Police had one person in custody but weren't saying whether he was one of the two suspects. Bradshaw also said authorities wanted to talk to Ernie Kirk Daley Jr., 19. Police were only calling him a "person of interest," without giving specifics.
In the immediate aftermath of the crash, Bradshaw said deputies chased the suspects but were unaware that the other two deputies had been struck.
"Nobody at the scene knew what had happened until a minute or two after that," Bradshaw said.
The stop sticks typically have lanyards attached so deputies can pull them aside without going into the road. The lanyards were not attached to these stop sticks, Bradshaw said.
The slain deputies had warned the K-9 unit that the spikes were still on the road, and made a split-second decision to run out and retrieve them, not realizing how close the pursuing patrol car was, Bradshaw said.
"The tactical plan was sound. The deployment of the stop sticks was correct except for there was no lanyard on them," Bradshaw added. "Everybody involved in this was doing their job. They were doing it the right way but this is a dangerous job."
At least 75 officers and several K-9 units spent hours combing the sugarcane fields between Pahokee and Belle Glade, where the suspects were initially believed to be hiding. That focused search ended as detectives pursued investigative leads.
Investigators tracked skid marks on a road left in the path of the wrecked K-9 as it went into the canal in Pahokee, a town on the shores of Lake Okeechobee about 45 miles west of West Palm Beach.
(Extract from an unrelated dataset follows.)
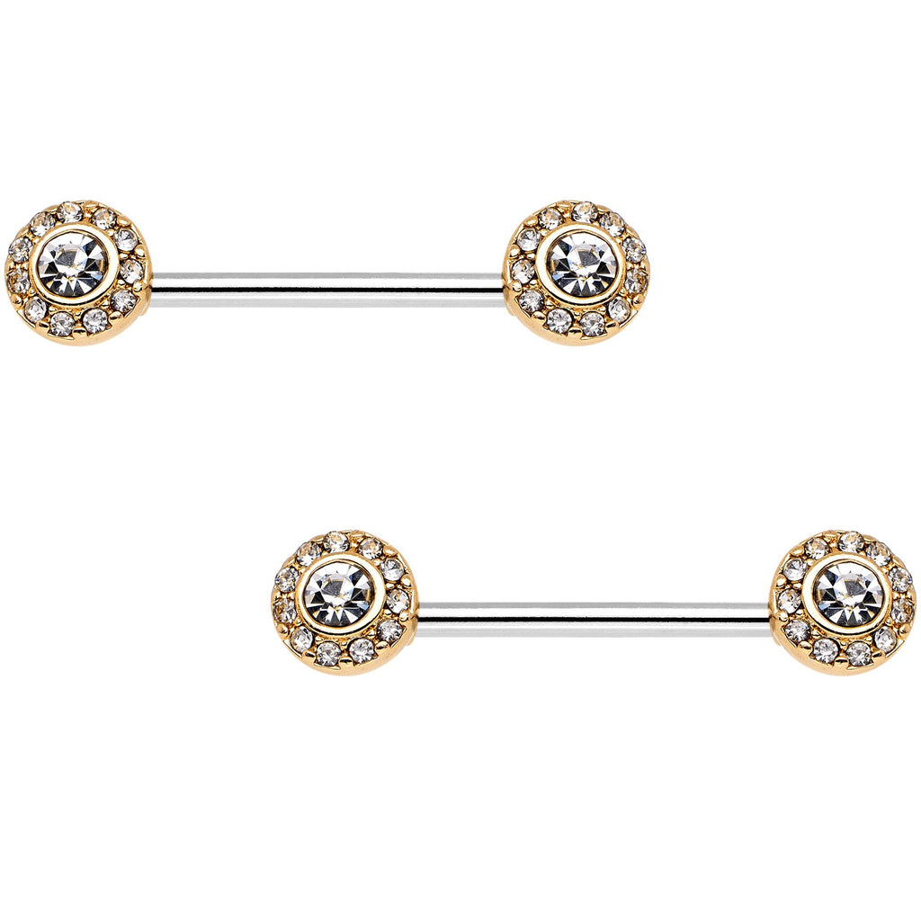 Clear Gem Gold Tone Circular Cluster Barbell Nipple Ring Set

Deputies in patrol cars cruised along back roads throughout the area. One carried an assault rifle as he stood by his car looking toward a sugarcane field.
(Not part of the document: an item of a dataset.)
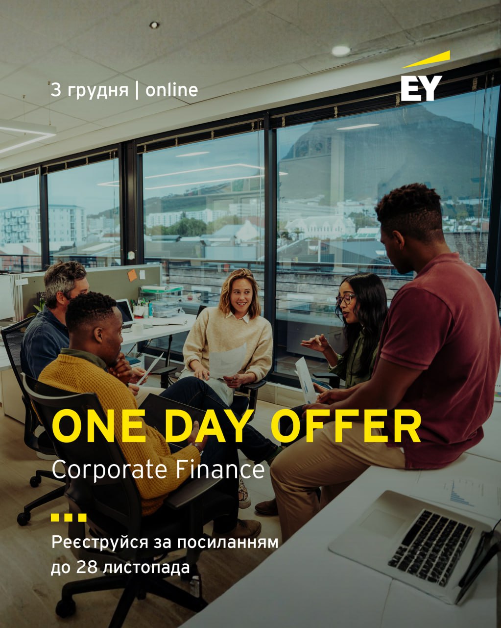 EY One Day Offer: Corporate Finance19 Листопада 2025р.

The chase began after a Belle Glade resident called police to report that a neighbor's car was being stolen. Deputies who responded saw the car and began following it.
A sergeant made the decision to pursue, since it was nighttime and there were no other vehicles on the road, Bradshaw said.
"We've had a lot of robberies out here where stolen cars have been used," he said, adding that the pursuit never reached speeds above 55 mph.
The deputies are the latest Florida law enforcement victims this year.
Broward Deputy Paul Rein, 76, was killed Nov. 7 while transporting a suspect to court. Michael Mazza, 40, is jailed after being charged in the slaying.
Broward Sgt. Chris Reyka, 51, was fatally shot as he was looking for stolen vehicles behind a drug store Aug. 10. His killer is still being sought.
In September, a Miami-Dade County police officer, Jose Somohano, was fatally shot by a suspect who ambushed him and three other officers with an assault weapon. The suspect was killed by officers hours later in Broward.
In January, a Jackson County sheriff's deputy and the sheriff's wife were killed in a shootout in the Panhandle. Earlier that month, a Florida Highway Patrol trooper was shot to death as he tried to make a traffic stop in central Florida.